His throat went dry at the mere suggestion. “I would rather live.”

Booth laughed again. “Might be a fair trade.”

Slade didn't mean to scowl. He just couldn't stop himself. “Aren't you engaged?”

“Hush, man. That is not yet known. And my lady is unsurpassed, to be sure. But Marietta Hughes…” He made an appreciative noise.

Was that what Slade had sounded like to Hughes's ears that first day in the carriage? It was a wonder the man hadn't socked him. “She's his.” A fact of which he had reminded himself approximately two thousand times in the last two days—every time his lips wanted to remember the feel of hers. No, he wouldn't be stealing any more kisses, tonight or ever.

Booth loosed an overdramatic harrumph. “Have it your way, though I still say you ought to live a little before he calls you out. Not that
I
will say anything to him, mind you. In my opinion, it's high time someone pulled one over on him, but all of Washington will see you, so he
will
hear.”

Slade shoved his hands into his pockets. Yet another bad idea, this.
“He won't call me out.” He hoped. “And least not until after this business is concluded.”

“Hmm. Maybe. At any rate, you ought to enjoy the play tonight.

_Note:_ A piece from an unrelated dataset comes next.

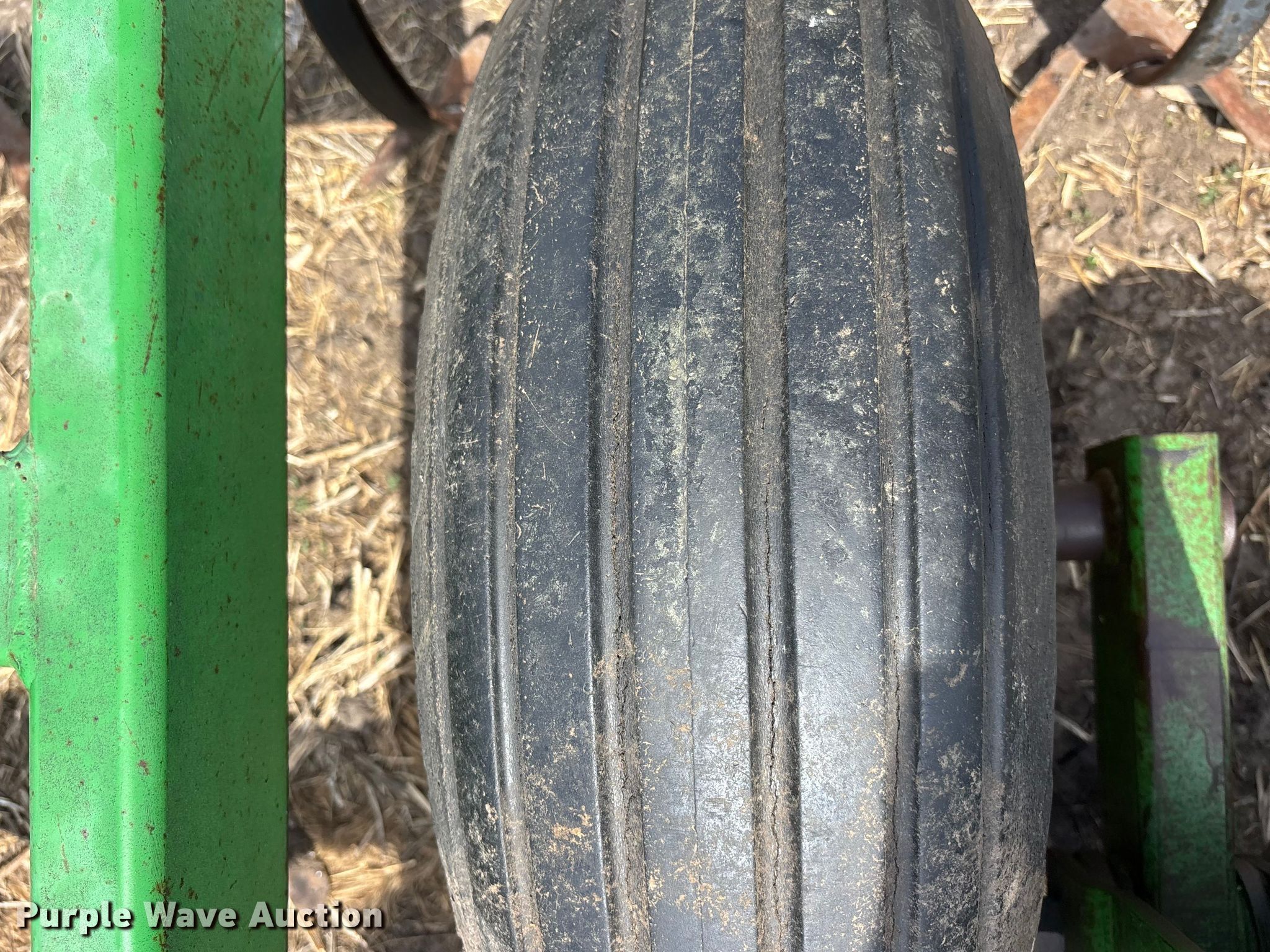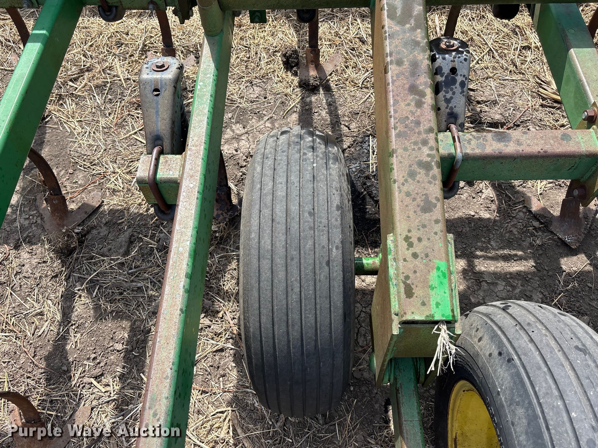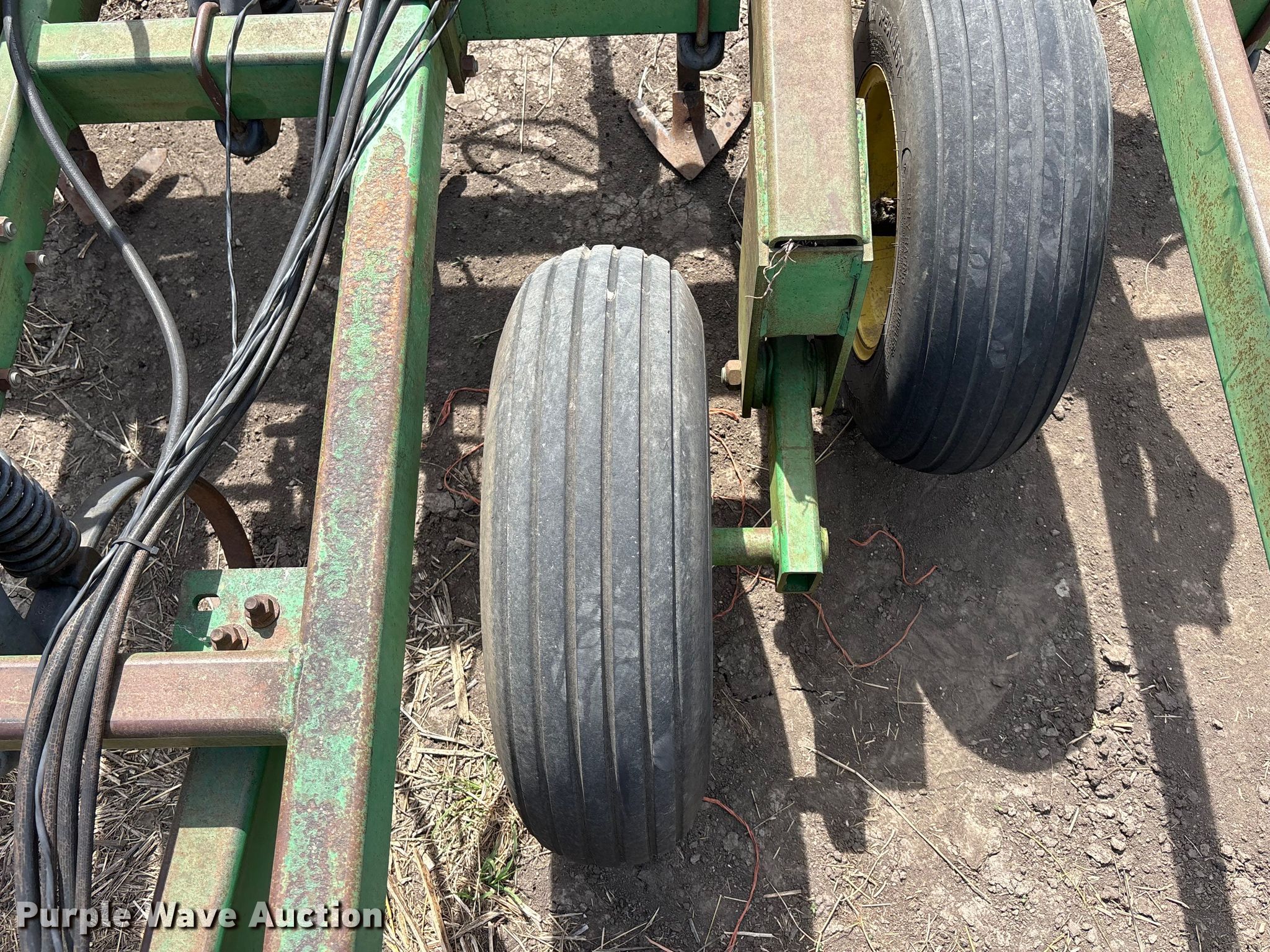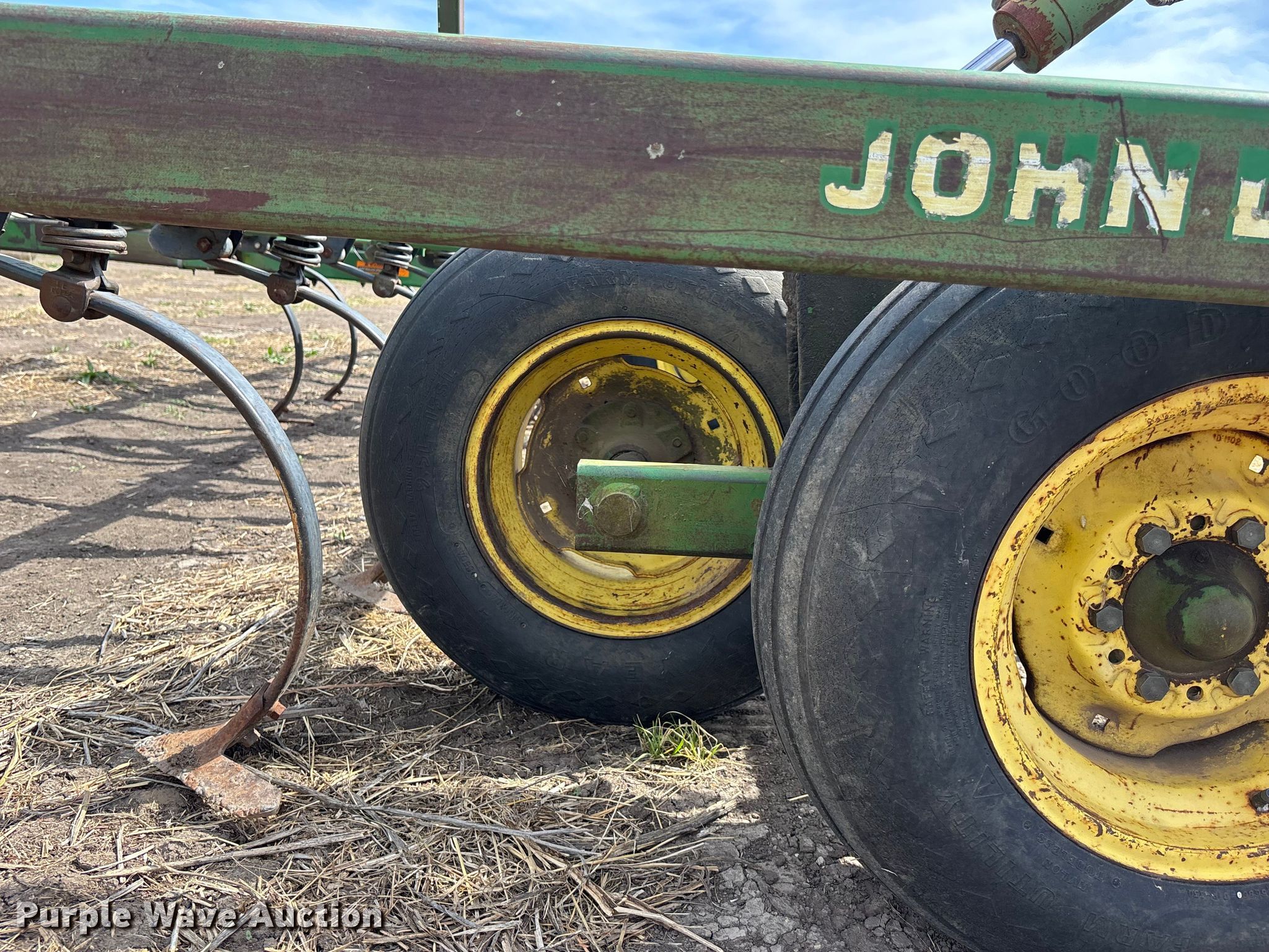 John Deere 980 field cultivator. Overall width: 28', Serial: N00980X003178. Features Shanks: 54, Sweep width: 28', Operation Hydraulic lift, Hydraulic fold, Leveler: Manual, Walking tandem axle, Attachments Tine harrow Harrow bars: 4.. Tires Tire size: 9.5-15. Notes Hydraulic issues, leaks. Mayetta, KS 66509

Laura Keene plays the dowager to perfection…”

All too soon they arrived at Ford's Theater, and Booth left him to go in the front entrance while he took himself around the back to collect his mail. Slade stood on the walk outside for a long minute, watching the well-dressed couples sweep through the doors before him. Women in expensive gowns, men in extravagant coats and hats, more than one gold watch glinting in the lamplight.

All this, while not so far away men were freezing in the trenches.

He nearly turned on his heel and left. But before he could move, familiar laughter tickled his ears, and his head swiveled to his right. There, coming en masse down the street, was his party. Both the elder Lanes, Marietta's mother, Marietta herself laughing with Barbara Arnaud, and two couples besides that he didn't recognize.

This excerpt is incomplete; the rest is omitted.